Arguments(实参) Arguments are passed by C/C++ programs from right to left, as they appear in
the argument list. After the procedure returns, the calling program is responsible for cleaning up
the stack. This can be done by either adding a value to the stack pointer equal to the size of the
arguments or popping an adequate number of values from the stack.
External Identifiers In the assembly language source, specify the C calling convention in
the .MODEL directive and create a prototype for each procedure called from an external C/C++
program:
.586
.model flat,C
AsmFindArray PROTO,
srchVal:DWORD, arrayPtr:PTR DWORD, count:DWORD
Declaring the Function In a C program, use the extern qualifier when declaring an external
assembly language procedure. For example, this is how to declare AsmFindArray:
extern bool AsmFindArray( long n, long array[], long count );
If the procedure will be called from a C++ program, add a “C” qualifier to prevent C++ name
decoration:
extern "C" bool AsmFindArray( long n, long array[], long count );
Name decoration is a standard C++ compiler technique that involves modifying a function name
with extra characters that indicate the exact type of each function parameter. It is required in any
language that supports function overloading (two functions having the same name, with different
parameter lists). From the assembly language programmer’s point of view, the problem with
name decoration is that the C++ compiler tells the linker to look for the decorated name rather
than the original one when producing the executable file.

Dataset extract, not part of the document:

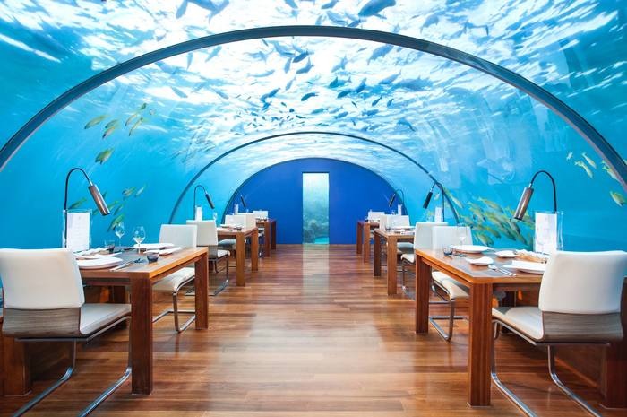 Ithaa Undersea Restaurant in Maldives has several distinctions: It was the first undersea restaurant in the world when it opened in 2005, and it has been ranked by The Daily Meal as the most beautiful restaurant in the world, as well as one of the most romantic restaurants, expensive restaurants, and hardest to get to restaurants. Even though there are numerous underwater restaurants around the world, none are quite as impressive, immersive, and unusual as this one. Located five meters below the surface in the Conrad Maldives Rangali Island hotel, Ithaa features full panoramic and overhead views of the surrounding coral gardens and sea life while diners feast on a seven-course meal of dishes like caviar, agnotti of duck, Maldivian lobster carpaccio, and beef tenderloin for dinner, or a four-course lunch option. Be prepared to splurge (lunch starts around $200 per person, dinner around $300), but also be prepared for the experience of a lifetime. In other words: Bring a camera. Even at night, the aquatic views are spectacular.

13.3.1 Using Assembly Language to Optimize C++ Code
One of the ways you can use assembly language to optimize programs written in other languages
is to look for speed bottlenecks. Loops are good candidates for optimization because any
extra statements in a loop may be repeated enough times to have a noticeable effect on your program’s
performance.
Most C/C++ compilers have a command-line option that automatically generates an assembly
language listing of the C/C++ program. In Microsoft Visual C++, for example, the listing file can
contain any combination of C++ source code, assembly code, and machine code, shown by the
options in Table 13-2. Perhaps the most useful is /FAs, which shows how C++ statements are
translated into assembly language.
Table 13-2 Visual C++ Command-Line Options for ASM Code Generation.
Command Line |
Contents of Listing File |
/FA |
Assembly-only listing |
/FAc |
Assembly with machine code |
/FAs |
Assembly with source code |
/FAcs |
Assembly, machine code, and source |
FindArray Example
Let’s create a program that shows how a sample C++ compiler generates code for a function
named FindArray. Later, we will write an assembly language version of the function, attempting
to write more efficient code than the C++ compiler. The following FindArray function (in C++)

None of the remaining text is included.